### AIM OF THE EXERCISE
Beginning with the first line of the entries below, quote each line until you reach and include the line with "于洪区吉力湖街,环卫工作者除雪完毕。新华社记者刘艺淳 摄".
Segment Start: RECORD EXCERPTS
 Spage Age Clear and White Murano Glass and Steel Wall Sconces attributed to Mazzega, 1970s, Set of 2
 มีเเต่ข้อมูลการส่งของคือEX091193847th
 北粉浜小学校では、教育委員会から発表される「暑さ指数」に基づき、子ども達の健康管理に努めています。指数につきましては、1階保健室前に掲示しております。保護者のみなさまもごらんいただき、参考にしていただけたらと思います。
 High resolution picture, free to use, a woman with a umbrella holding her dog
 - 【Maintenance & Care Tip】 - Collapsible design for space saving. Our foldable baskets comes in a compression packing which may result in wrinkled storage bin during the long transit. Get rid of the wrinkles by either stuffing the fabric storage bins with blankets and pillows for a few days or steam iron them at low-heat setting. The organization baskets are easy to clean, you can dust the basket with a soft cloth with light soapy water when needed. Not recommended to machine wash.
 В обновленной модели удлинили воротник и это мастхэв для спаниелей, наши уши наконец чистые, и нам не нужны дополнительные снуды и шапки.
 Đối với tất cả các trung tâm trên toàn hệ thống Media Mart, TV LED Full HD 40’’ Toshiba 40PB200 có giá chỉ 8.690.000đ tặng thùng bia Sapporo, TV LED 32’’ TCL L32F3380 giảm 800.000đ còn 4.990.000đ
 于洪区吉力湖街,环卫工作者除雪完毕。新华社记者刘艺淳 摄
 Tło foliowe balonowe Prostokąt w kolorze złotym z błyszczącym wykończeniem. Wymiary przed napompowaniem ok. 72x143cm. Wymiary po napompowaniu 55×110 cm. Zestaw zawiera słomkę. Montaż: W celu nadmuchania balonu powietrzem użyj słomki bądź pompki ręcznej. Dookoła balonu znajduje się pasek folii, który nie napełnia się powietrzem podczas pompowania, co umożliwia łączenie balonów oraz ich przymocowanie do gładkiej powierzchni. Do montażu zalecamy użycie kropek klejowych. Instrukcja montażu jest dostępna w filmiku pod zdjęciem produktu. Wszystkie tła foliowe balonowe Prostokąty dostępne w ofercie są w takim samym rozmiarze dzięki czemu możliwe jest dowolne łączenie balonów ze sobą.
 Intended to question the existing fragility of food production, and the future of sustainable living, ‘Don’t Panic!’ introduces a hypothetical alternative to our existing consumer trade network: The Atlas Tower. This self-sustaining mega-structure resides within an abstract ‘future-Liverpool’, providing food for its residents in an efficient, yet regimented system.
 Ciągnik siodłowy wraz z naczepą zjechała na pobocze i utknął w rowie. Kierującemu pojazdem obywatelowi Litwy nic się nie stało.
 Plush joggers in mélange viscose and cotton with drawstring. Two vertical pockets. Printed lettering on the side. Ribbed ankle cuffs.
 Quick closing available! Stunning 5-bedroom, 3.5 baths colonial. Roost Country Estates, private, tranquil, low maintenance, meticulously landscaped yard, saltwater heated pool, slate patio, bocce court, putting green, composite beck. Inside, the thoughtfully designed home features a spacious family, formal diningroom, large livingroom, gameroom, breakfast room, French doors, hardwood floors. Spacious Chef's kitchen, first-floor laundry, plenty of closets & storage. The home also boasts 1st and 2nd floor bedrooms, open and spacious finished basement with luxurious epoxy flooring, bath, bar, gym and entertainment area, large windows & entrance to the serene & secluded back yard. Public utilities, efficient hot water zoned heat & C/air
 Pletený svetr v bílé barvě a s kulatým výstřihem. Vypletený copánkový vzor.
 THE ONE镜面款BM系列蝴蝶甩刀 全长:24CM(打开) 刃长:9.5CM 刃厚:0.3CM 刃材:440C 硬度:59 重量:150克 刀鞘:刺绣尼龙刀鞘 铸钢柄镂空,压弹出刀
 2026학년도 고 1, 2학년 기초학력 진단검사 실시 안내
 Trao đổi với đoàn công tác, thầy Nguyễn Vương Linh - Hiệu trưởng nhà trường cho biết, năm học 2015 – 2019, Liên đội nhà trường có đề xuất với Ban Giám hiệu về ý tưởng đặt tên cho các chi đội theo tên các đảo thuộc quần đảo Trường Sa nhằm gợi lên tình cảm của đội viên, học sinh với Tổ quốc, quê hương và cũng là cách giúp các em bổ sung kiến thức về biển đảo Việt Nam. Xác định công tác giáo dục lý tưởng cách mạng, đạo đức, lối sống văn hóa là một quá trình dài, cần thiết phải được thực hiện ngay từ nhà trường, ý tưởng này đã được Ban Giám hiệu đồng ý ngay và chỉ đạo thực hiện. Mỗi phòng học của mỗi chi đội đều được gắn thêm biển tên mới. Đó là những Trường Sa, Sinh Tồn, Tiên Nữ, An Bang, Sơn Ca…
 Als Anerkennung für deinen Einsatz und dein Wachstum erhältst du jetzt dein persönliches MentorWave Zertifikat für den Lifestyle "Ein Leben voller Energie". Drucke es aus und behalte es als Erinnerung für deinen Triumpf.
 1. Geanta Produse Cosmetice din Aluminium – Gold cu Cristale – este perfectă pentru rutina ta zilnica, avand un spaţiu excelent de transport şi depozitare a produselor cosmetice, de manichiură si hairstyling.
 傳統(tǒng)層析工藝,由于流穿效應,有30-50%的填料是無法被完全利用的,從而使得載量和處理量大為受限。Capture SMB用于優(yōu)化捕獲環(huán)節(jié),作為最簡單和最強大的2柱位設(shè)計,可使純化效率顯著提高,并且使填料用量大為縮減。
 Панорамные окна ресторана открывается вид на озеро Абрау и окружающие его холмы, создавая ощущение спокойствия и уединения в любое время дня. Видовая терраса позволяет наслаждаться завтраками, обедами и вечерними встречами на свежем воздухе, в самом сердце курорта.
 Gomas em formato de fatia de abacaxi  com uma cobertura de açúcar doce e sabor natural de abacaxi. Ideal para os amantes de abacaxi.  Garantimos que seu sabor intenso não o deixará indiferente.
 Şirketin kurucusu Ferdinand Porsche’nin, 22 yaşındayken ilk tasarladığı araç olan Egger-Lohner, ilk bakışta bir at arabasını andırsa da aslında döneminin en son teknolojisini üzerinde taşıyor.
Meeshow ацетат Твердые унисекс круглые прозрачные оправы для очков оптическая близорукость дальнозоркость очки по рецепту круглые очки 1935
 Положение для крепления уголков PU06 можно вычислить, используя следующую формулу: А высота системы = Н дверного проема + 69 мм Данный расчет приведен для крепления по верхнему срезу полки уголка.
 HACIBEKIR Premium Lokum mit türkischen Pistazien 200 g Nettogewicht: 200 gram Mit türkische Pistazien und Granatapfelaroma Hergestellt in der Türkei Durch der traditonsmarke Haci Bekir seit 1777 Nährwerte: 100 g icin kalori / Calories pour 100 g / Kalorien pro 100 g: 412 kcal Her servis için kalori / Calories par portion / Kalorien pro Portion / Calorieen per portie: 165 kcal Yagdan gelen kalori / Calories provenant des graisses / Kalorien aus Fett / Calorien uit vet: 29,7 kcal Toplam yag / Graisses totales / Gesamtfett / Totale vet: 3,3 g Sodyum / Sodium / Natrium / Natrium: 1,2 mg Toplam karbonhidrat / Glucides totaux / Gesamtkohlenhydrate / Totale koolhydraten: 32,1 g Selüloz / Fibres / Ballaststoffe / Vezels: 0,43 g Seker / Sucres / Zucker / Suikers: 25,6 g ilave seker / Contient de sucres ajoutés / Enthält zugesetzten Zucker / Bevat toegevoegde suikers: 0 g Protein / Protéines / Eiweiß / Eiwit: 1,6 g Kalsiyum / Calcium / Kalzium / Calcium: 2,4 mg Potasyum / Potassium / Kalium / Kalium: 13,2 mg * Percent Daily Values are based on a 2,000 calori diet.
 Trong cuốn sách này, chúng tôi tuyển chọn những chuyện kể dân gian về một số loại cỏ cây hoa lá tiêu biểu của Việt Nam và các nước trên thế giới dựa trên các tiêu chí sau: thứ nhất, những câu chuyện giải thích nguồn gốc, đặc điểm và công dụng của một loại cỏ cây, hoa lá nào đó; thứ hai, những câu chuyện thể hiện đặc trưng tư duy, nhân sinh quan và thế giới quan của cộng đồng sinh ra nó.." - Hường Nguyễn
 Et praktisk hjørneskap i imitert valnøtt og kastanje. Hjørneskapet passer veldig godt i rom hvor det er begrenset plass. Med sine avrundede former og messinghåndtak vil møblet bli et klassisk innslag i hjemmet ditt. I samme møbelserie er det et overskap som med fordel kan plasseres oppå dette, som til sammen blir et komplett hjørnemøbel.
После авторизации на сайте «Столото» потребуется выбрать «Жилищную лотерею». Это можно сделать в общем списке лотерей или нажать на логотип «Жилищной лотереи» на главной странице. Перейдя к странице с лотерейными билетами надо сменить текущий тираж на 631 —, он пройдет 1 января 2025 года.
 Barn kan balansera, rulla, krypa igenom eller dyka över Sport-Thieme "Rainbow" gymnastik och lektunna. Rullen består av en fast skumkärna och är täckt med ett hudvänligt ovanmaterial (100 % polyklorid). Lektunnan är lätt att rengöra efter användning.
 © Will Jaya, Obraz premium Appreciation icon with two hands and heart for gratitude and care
Segment End: RECORD EXCERPTS
### TASK RESPONSE
 Spage Age Clear and White Murano Glass and Steel Wall Sconces attributed to Mazzega, 1970s, Set of 2
 มีเเต่ข้อมูลการส่งของคือEX091193847th
 北粉浜小学校では、教育委員会から発表される「暑さ指数」に基づき、子ども達の健康管理に努めています。指数につきましては、1階保健室前に掲示しております。保護者のみなさまもごらんいただき、参考にしていただけたらと思います。
 High resolution picture, free to use, a woman with a umbrella holding her dog
 - 【Maintenance & Care Tip】 - Collapsible design for space saving. Our foldable baskets comes in a compression packing which may result in wrinkled storage bin during the long transit. Get rid of the wrinkles by either stuffing the fabric storage bins with blankets and pillows for a few days or steam iron them at low-heat setting. The organization baskets are easy to clean, you can dust the basket with a soft cloth with light soapy water when needed. Not recommended to machine wash.
 В обновленной модели удлинили воротник и это мастхэв для спаниелей, наши уши наконец чистые, и нам не нужны дополнительные снуды и шапки.
 Đối với tất cả các trung tâm trên toàn hệ thống Media Mart, TV LED Full HD 40’’ Toshiba 40PB200 có giá chỉ 8.690.000đ tặng thùng bia Sapporo, TV LED 32’’ TCL L32F3380 giảm 800.000đ còn 4.990.000đ
 于洪区吉力湖街,环卫工作者除雪完毕。新华社记者刘艺淳 摄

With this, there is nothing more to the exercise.